Monday, November 26, 2012

more on stories and seasons.

the hardest part about this season is that i don't have an exciting story to offer.  i have nothing dazzling or impressive, my friends, i am simply leading a simple, if privileged, life as of late.  i am paying my bills.  i am watching reruns while running on the treadmill.  i am making black tea to wake up in the mornings.  i am checking things off the wedding to-do list.  i am trying my best to choose hope when my future seems entirely mysterious and unknown to me.  i am waiting for inspiration often.

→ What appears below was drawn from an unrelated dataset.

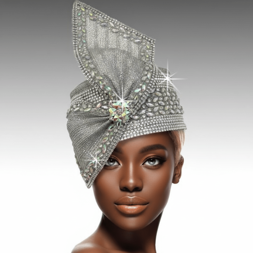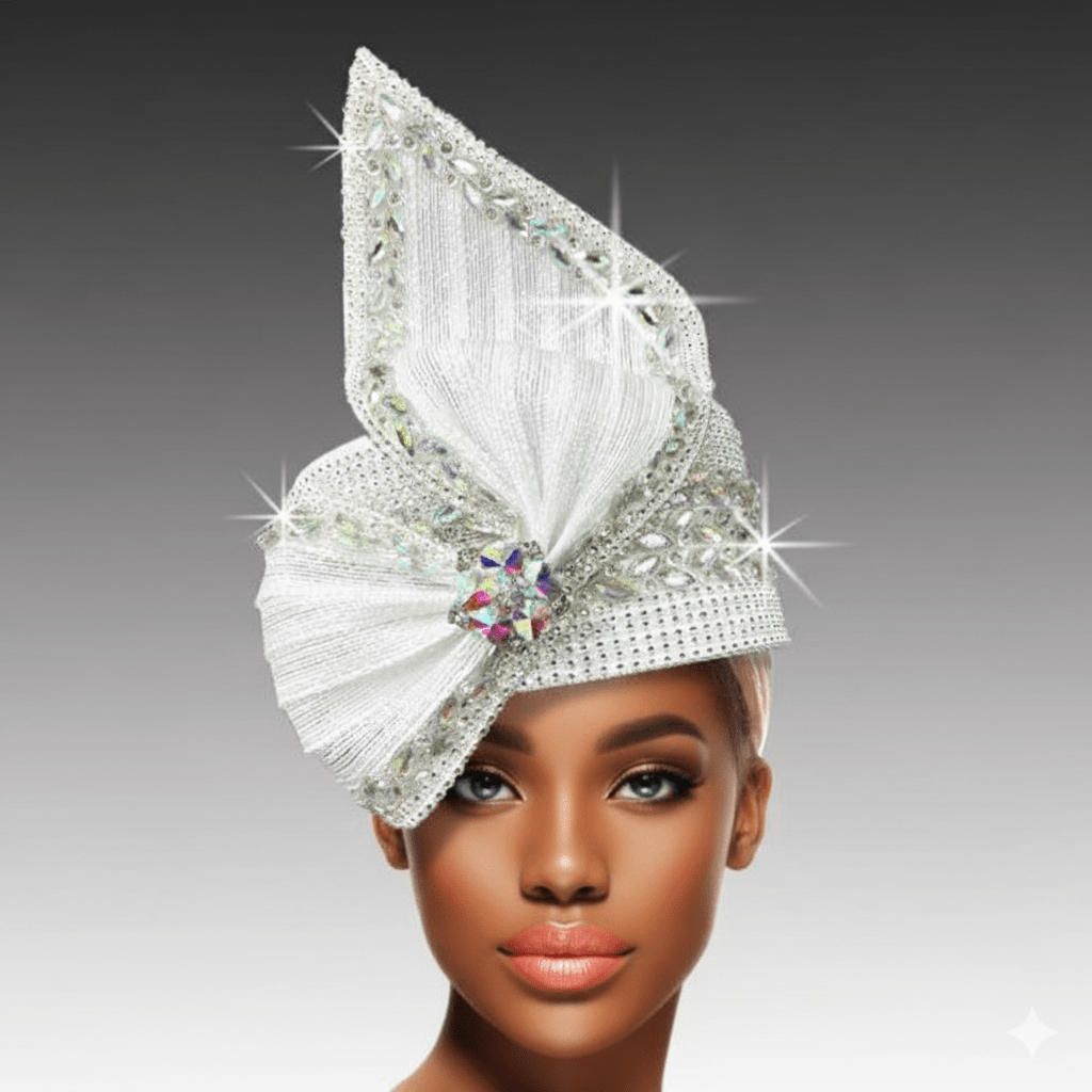 A breathtaking pillbox hat that exudes architectural elegance and divine beauty. The sides are entirely encrusted with iridescent jewels, reflecting light in a dazzling display. Rising above is a high, sculptural bow inspired by the soaring spires of a grand cathedral. “STEEPLE” is perfect for occasions where making an unforgettable statement is essential. The adjustable sweatband allows for different head sizes.
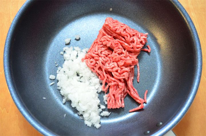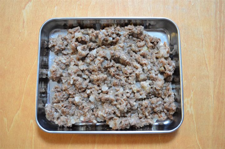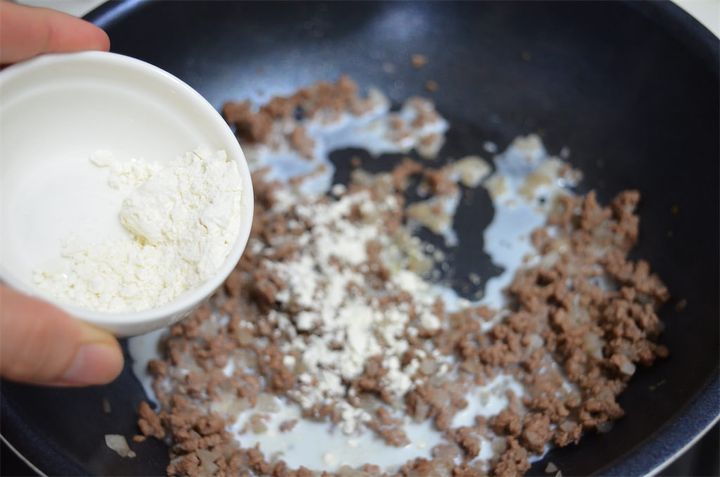 3. みじん切りにした玉ねぎと合い挽き肉を炒め、ひき肉の色が変わったらさらに牛乳、小麦粉、塩・こしょうを加えて炒める。

i am a devourer of novels and a subscriber of blogs and a watcher of films, and i love a good story line: the classic arc of a challenge that, one way or another, eventually flowers into redemption.  this is compounded by the reality of social media, where we choose to display our prettiest pictures and our wittiest remarks and our most thrilling adventures.  i do it, too.  sometimes it feels like celebrating the gifts of life, choosing to focus on the good and give thanks when life can be hard.  other times, it feels like a cutthroat competition, seeing who is up to the most interesting and beautiful things.  i find my heart sinking in my chest, because how can i compare to her travels, or his career aspirations, or her talent? 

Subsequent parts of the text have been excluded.